Collected data START

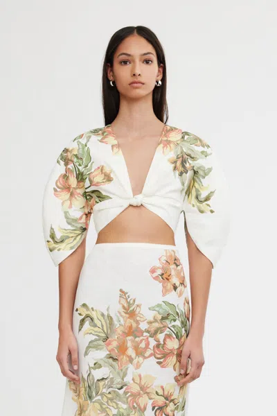 A sweet silhouette, designed to be fitted through the bodice and relaxed through the sleeve. The Parisa Top in Botanic is crafted from a crisp linen fabrication. Featuring a plunging neckline, twisted detail though the bodice, curved sleeve detail and beautiful placement print throughout.. PRODUCT DETAILS. - Cropped silhouette- Accentuated sleeves- Lined- Open back zip Model is 178cm / 5’10” wearing a 6AU / 2US Composition:Main: 100% LinenLining: 100% Cotton
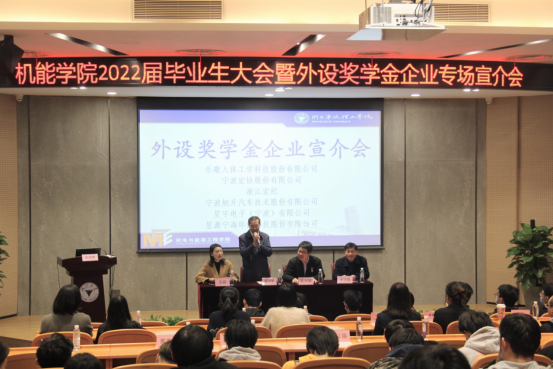 会上,学院党委副书记王晶介绍机能学院共有8家企业在院设立奖学金,这些企业都是在行业内颇具影响力和发展前景,在自身做大做强以后,回馈教育事业,关心学生成长,代表学院对企业的善行善举表示感谢,随后到场的6家外设奖学金企业,乐歌人体工学科技股份有限公司、宁波宏协股份有限公司、浙江宏纪、宁波旭升汽车技术股份有限公司、星宇电子(宁波)有限公司、昱源宁海环保科技股份有限公司等招聘负责人依次上台宣讲,与毕业生进行互动交流,达成初步就业意向。
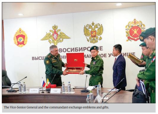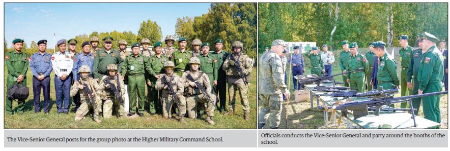 THE delegation led by Vice-Chairman of the State Administration Council Deputy Commander-in-Chief of Defence Services Commander-in-Chief (Army) Vice-Senior General Soe Win, currently in Novosibirsk of the Russian Federation, accompanied by Military Attaché Commodore Kyaw Soe Moe and officials, arrived at the Higher Military Command School in the morning of local standard time on 6 September. They were welcomed by Commandant Colonel Segey Markovchin and officials.
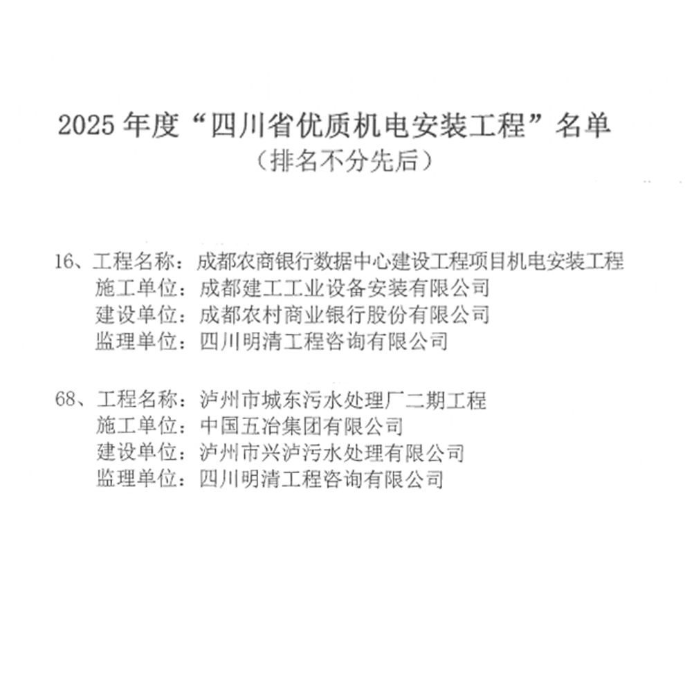 近日,四川省建筑業協會2025年度“四川省優質機電安裝工程”評選結果揭曉。由明清咨詢提供監理服務的成都農商銀行數據中心建設工程與瀘州市城東污水處理廠二期工程,憑借過硬的工程質量和卓越的系統性能,雙雙榮登榜單。

Collected data END

> _Work task_
Reproduce exactly and only the lines from the line that contains "THE delegation led" to the end of the data above, both ends included. No pictures go in the copy.

> _Exercise answer_
 THE delegation led by Vice-Chairman of the State Administration Council Deputy Commander-in-Chief of Defence Services Commander-in-Chief (Army) Vice-Senior General Soe Win, currently in Novosibirsk of the Russian Federation, accompanied by Military Attaché Commodore Kyaw Soe Moe and officials, arrived at the Higher Military Command School in the morning of local standard time on 6 September. They were welcomed by Commandant Colonel Segey Markovchin and officials.
 近日,四川省建筑業協會2025年度“四川省優質機電安裝工程”評選結果揭曉。由明清咨詢提供監理服務的成都農商銀行數據中心建設工程與瀘州市城東污水處理廠二期工程,憑借過硬的工程質量和卓越的系統性能,雙雙榮登榜單。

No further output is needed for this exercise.